An Encomium on the Archangel Gabriel of Unknown Authorship

In a recent issue of Zeitschrift für Antikes Christentum, Hans Förster published the editio princeps of P. Vindob. K 9670, a Sahidic parchment folio from the collection of the National Library in Vienna.[1] The fragment seems to come from an unidentified encomium on the archangel Gabriel and recounts the story of a man who is tempted by the wife of his business partner. At a certain point in the narrative, the man prays for the intervention of the archangel, the tenor of the text suggesting that it belongs to the miracula section of the encomium.

The fragment edited by my friend was dismembered from a larger codex which once belonged to the library of the White Monastery in Upper Egypt. Hans has studied and very carefully edited the text and supplied us with high-quality black-and-white photos of the manuscript. While I was checking these pictures, I realized that the hand-writing looks familiar and that good fortune has preserved other leaves from the same codex.

Interestingly enough, one of the newly identified fragments is the leaf to which the fragment published by Hans Förster was originally joined in a single bifolio (a bifolio is a sheet folded as to form two leaves). This new fragment is of special importance as it contains a colophon which mentions the name of the scribe, the place where the codex was copied and the year of its completion.


But let’s start with the beginning.

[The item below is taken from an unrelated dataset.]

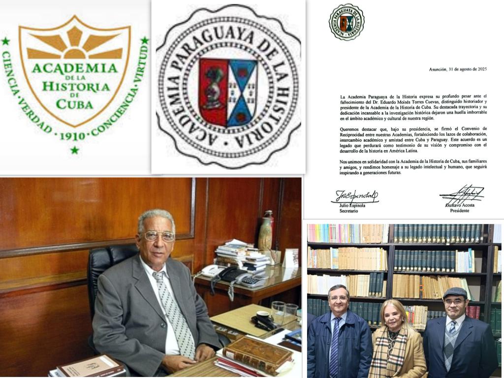 Asunción, Paraguay. La Academia Paraguaya de la Historia (APH) emitió un mensaje de condolencias por el fallecimiento del presidente de la Academia de la Historia de Cuba (AHC), Dr. Eduardo Torres-Cuevas. Su homólogo paraguayo, Dr. Gustavo Acosta Toledo, al expresar su sentido pésame familiares y colegas de trabajo, resaltó su amplio curriculum profesional y los aportes en el ámbito cultural y académico de nuestra región. El Secretario de la APH, Julio Espínola, informó que en la próxima sesión de la organización se le hará un acto solemne de recordación.
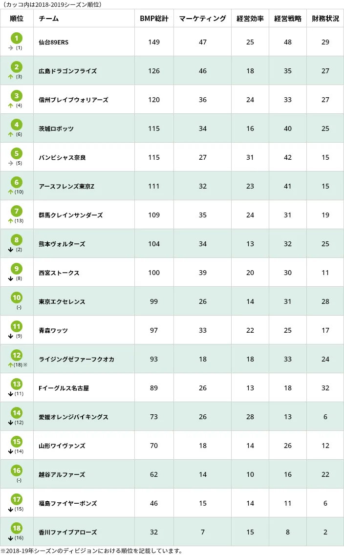 債務超過に陥りB2降格となった福岡は、2019年11月にB1千葉の元経営者であり、現Bリーグチェアマンの島田慎二氏をクラブ経営アドバイザリーに迎え入れ、再出発を目指しています。千葉での経営の経験を生かした地域に密着したクラブ経営により、財務体質の改善、経営陣・人員配置の最適化などの問題を1つずつ解決し、悪循環から抜け出し、ファンからの信頼を取り戻すことができるかがポイントになると考えられます。

In ancient times, the copyists used to number not only the pages of the codices, but also their quires (a quire is a gathering of sheets folded in two). Each quire used to be numbered twice, on the first and last page, in the superior inner corners. The parchment leaf K 9670 edited by Förster is paginated 81-82. On the upper left corner of the recto, one can still read the number 7, which means that the fragment used to be the first leaf of the manuscript’s seventh quire.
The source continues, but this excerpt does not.